I'm not too sure how you envision using normalisation policies for functions. However, the problem I see with it is that normalisation form is not a property of a function. A normalisation form is a property of a string. I think it should be an invariant of that string. Imagine a std::map<> where you use a Unicode string as a key; you want equivalent strings to map to the same object. operator< for two strings with the same normalisation form and the same encoding is trivial (and as fast as std::basic_string::operator< for UTF-8 or UTF-32). On two strings with unknown normalisation forms, it will be dreadfully much slower because you'll need to look things up in the Unicode database all the time.

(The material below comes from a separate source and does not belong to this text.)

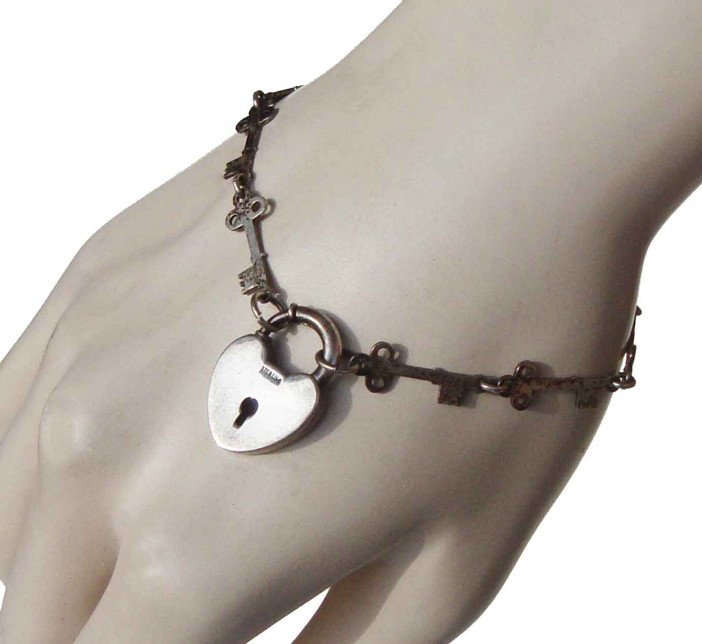 Unlock her heart, with this adorable vintage sterling silver heart bracelet with little heart shaped padlock charm, and chain links made from tiny skeleton keys, circa 1930s/40s.
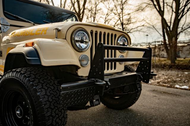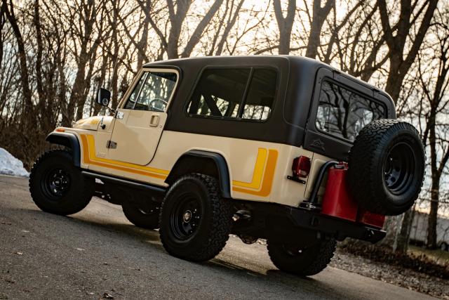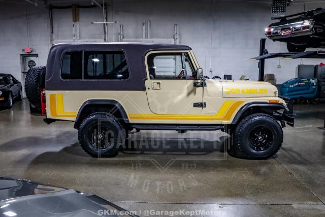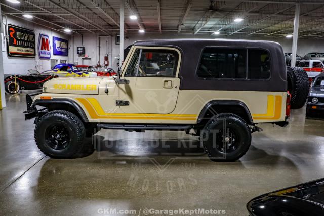 1982 Jeep CJ8 Scrambler- California 4x4- Sold New at County Wide Chrysler of Garden Grove, CA- Jamaican Beige Exterior with Scrambler Graphics over Nutmeg Denim Interior Upholstery- 350ci V8 with Fuel-injected TBI System- California BAR-Certified Engine Conversion (full emissions compliant)- 5-Speed NV4500 Manual Transmission- Bushard Clutch and Dana Axles- Full-Float Rear End with ARB Rear Air Locker- Onboard ARB air compressor- Magnaflow Exhaust and Lifted Suspension- Conn-Ferr Springs and Shackles with Rancho shocks- Baja Rockcrawler Wheels- 32x11.50x15 BFGoodrich All-Terrain Rires- Super-rare Full-size Hardtop- Factory Roll Bar and RCT Front and Rear Bumpers- Swing-Away Rear Tire Carrier with Full Size Matching Spare- Dual Rear-Mounted Jerry Cans- Full Stainless Hardware Package (hinges, latches, etc.)- Upgraded LED Headlight Kit- Bestop Low-Back Seats- Tilt Steering Wheel and Full Gauge Package- In-Dash Tachometer and Billet Dash Knobs- Kenwood CD Player with Bluetooth- Convenience Group- Original Bill of Sale, Window Sticker, and Promotional Brochures- 686 Miles Recorded Since Restored This 1982 Jeep CJ8 Scrambler represents a rare and exceptionally well-executed example of Jeep\'s long-wheelbase classic, combining California provenance, period-correct style, and thoughtfully engineered upgrades. Sold new at County Wide Chrysler of Garden Grove, California, this lifelong 4x4 benefits from a dry-climate history and remains accompanied by its original bill of sale, window sticker, and promotional brochures, documentation seldom seen with Scramblers today. Showing just 686 miles recorded since its restoration, this CJ8 presents as a collector-grade example that is equally capable on the road or trail.Finished in striking Jamaican Beige with factory-style Scrambler graphics, the exterior captures the unmistakable character that made the CJ8 iconic. A super-rare full-size hardtop adds both desirability and year-round usability, while factory roll bar, RCT front and rear bumpers, and a swing-away rear tire carrier with a full-size matching spare reinforce its rugged, purposeful stance. Dual rear-mounted jerry cans, upgraded LED headlight kit, Baja Rockcrawler wheels, and 32x11.50x15 BFGoodrich All-Terrain tires complete the look, blending classic Jeep aesthetics with modern functionality.Under the hood lies a powerful 350ci V8 equipped with a fuel-injected TBI system, delivering reliable performance with improved drivability. Importantly, this engine conversion is California BAR-certified, meaning it is fully emissions compliant, an extremely rare and valuable feature for a V8-swapped CJ in today\'s regulatory environment. Power is routed through a stout 5-speed NV4500 manual transmission, paired with a Bushard clutch and durable Dana axles, making this Scrambler as robust as it is enjoyable to drive.The drivetrain is further enhanced by a full-float rear end with an ARB rear air locker, offering exceptional traction when conditions demand it. An onboard ARB air compressor allows for quick locker engagement and tire adjustments on the fly. A lifted suspension featuring Conn-Ferr springs and shackles, combined with Rancho shocks, provides confident off-road capability while maintaining stable road manners. A Magnaflow exhaust adds a refined yet authoritative V8 tone befitting this classic Jeep.Inside, the cabin blends classic CJ simplicity with tasteful upgrades. Nutmeg denim upholstery is complemented by Bestop low-back seats, a tilt steering wheel, and a full gauge package with an in-dash tachometer and billet dash knobs. A Kenwood CD player with Bluetooth adds modern convenience, while the factory Convenience Group enhances everyday usability without detracting from the Scrambler\'s authentic feel.Finished with a full stainless hardware package throughoutcovering hinges, latches, and exterior details, this CJ8 Scrambler stands out for both its attention to detail and its rarity. With low post-restoration mileage, exceptional documentation, and a carefully engineered, emissions-compliant V8 conversion, this 1982 Jeep CJ8 Scrambler is a standout example that appeals equally to collectors, enthusiasts, and those seeking one of the most versatile and desirable classic Jeeps ever produced.

What I really don't like about this solution, is that we would end up with a myriad of different types that all are "unicode strings", but at different levels. I can easily imagine mayhem erupting when everyone get their favorite unicode abstraction and use that one exclusively in their APIs. Passing strings around would be a complete nightmare.
I'm just afraid that if we have a code_point_string in all encodings, plus the dynamic one, in addition to the same number of strings at the grapheme cluster level, there would simply be too many of them, and it would confuse the users more that it would help them.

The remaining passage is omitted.